YOUR TASK — At the line with "Иудейские общины появились", start transcribing; stop after the last line of the data below. Keep it exact and leave pictures out.

STORED DATA —
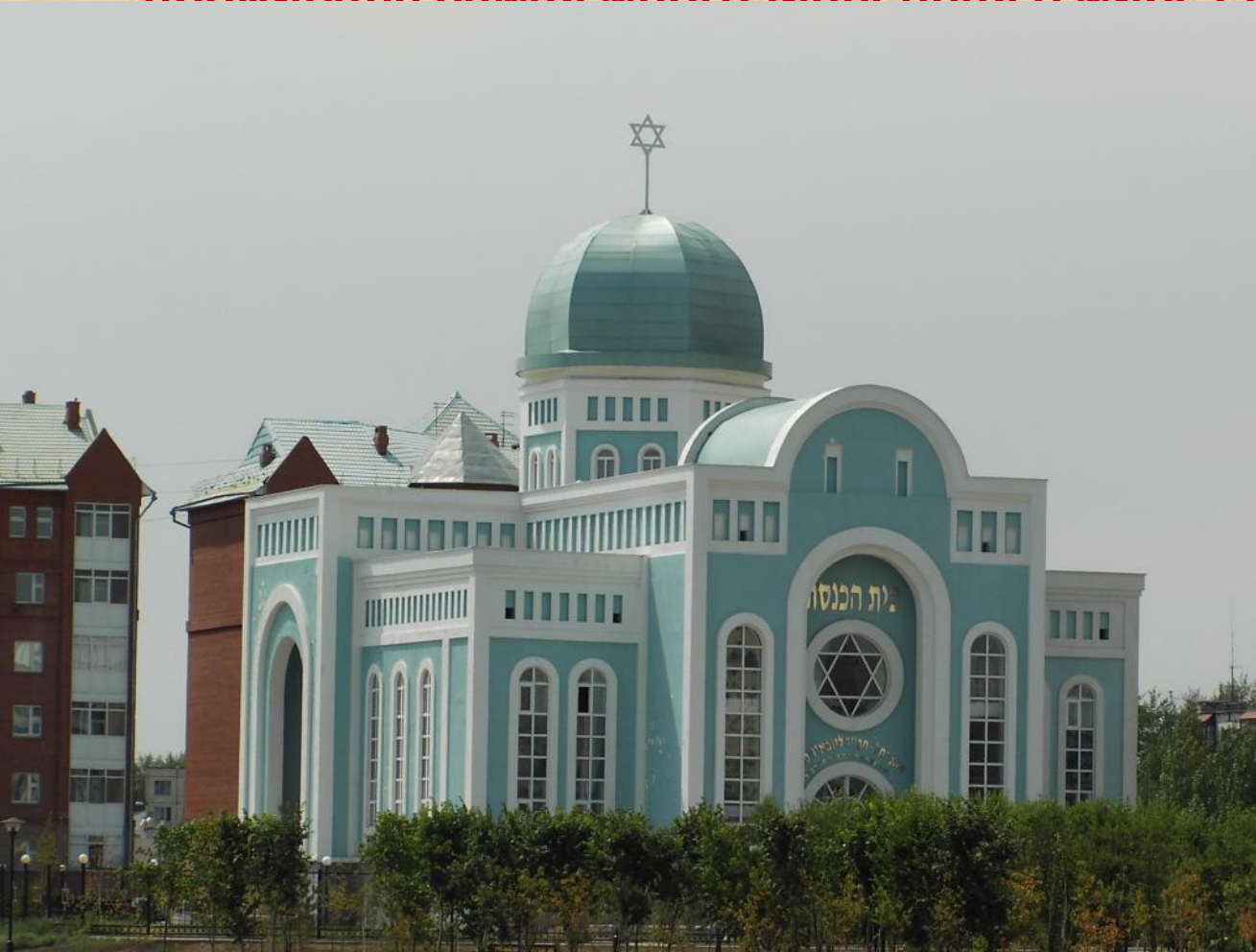
Москва, главная синагога

Иудейские общины появились во многих городах Польши, Литвы, и их численность все время росла. Шло время, и в 18 веке к России отошли земли Польши и Литвы, которыми некогда владели русские князья. Так среди народов Русского государства оказалось большое число евреев – последователей иудаизма. Россия стала государством, где проживала самая многочисленная в мире еврейская община.
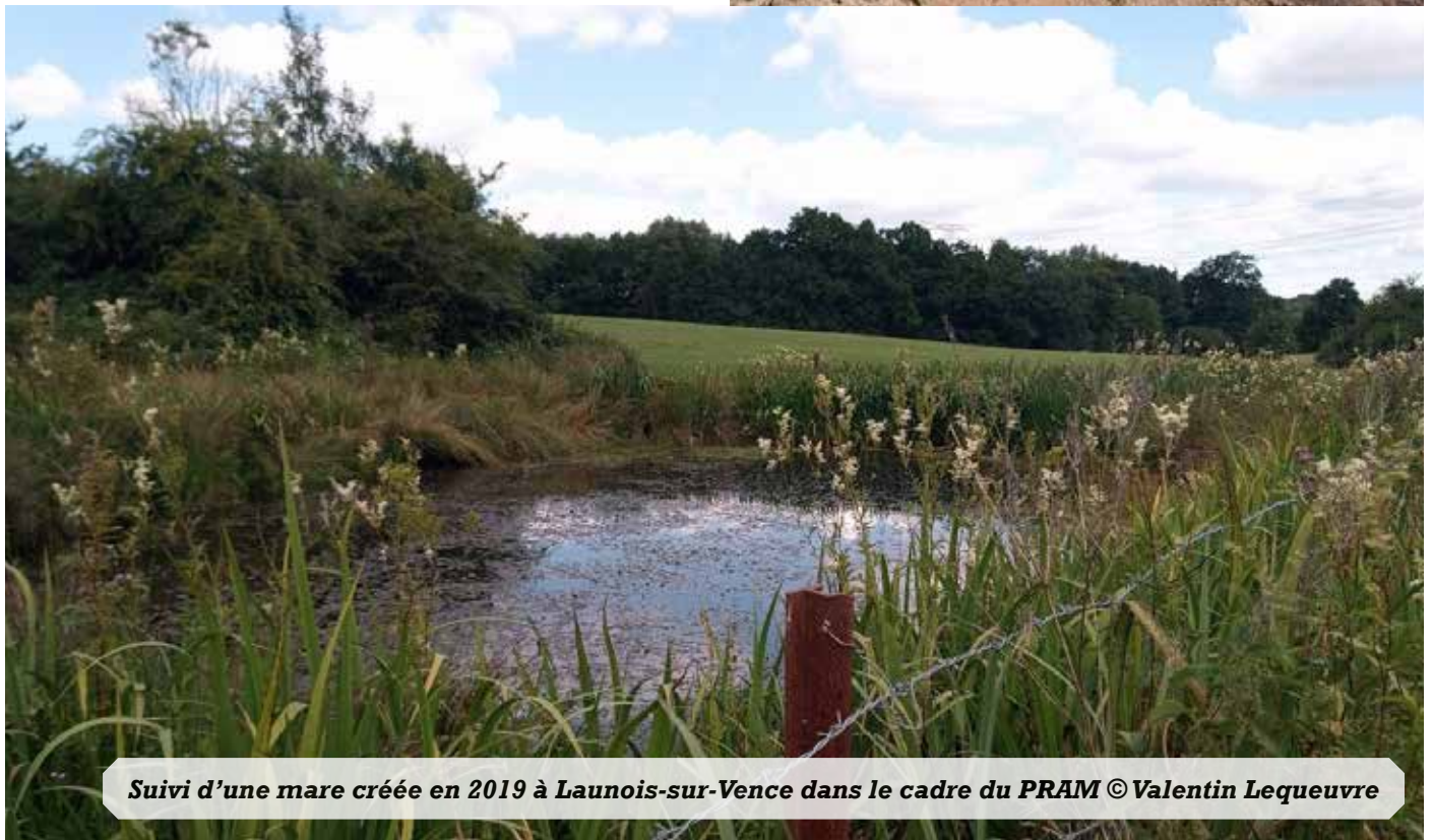
Suivi d'une mare créée en 2019 à Launois-sur-Vence dans le cadre du PRAM

RESULT —
Иудейские общины появились во многих городах Польши, Литвы, и их численность все время росла. Шло время, и в 18 веке к России отошли земли Польши и Литвы, которыми некогда владели русские князья. Так среди народов Русского государства оказалось большое число евреев – последователей иудаизма. Россия стала государством, где проживала самая многочисленная в мире еврейская община.
Suivi d'une mare créée en 2019 à Launois-sur-Vence dans le cadre du PRAM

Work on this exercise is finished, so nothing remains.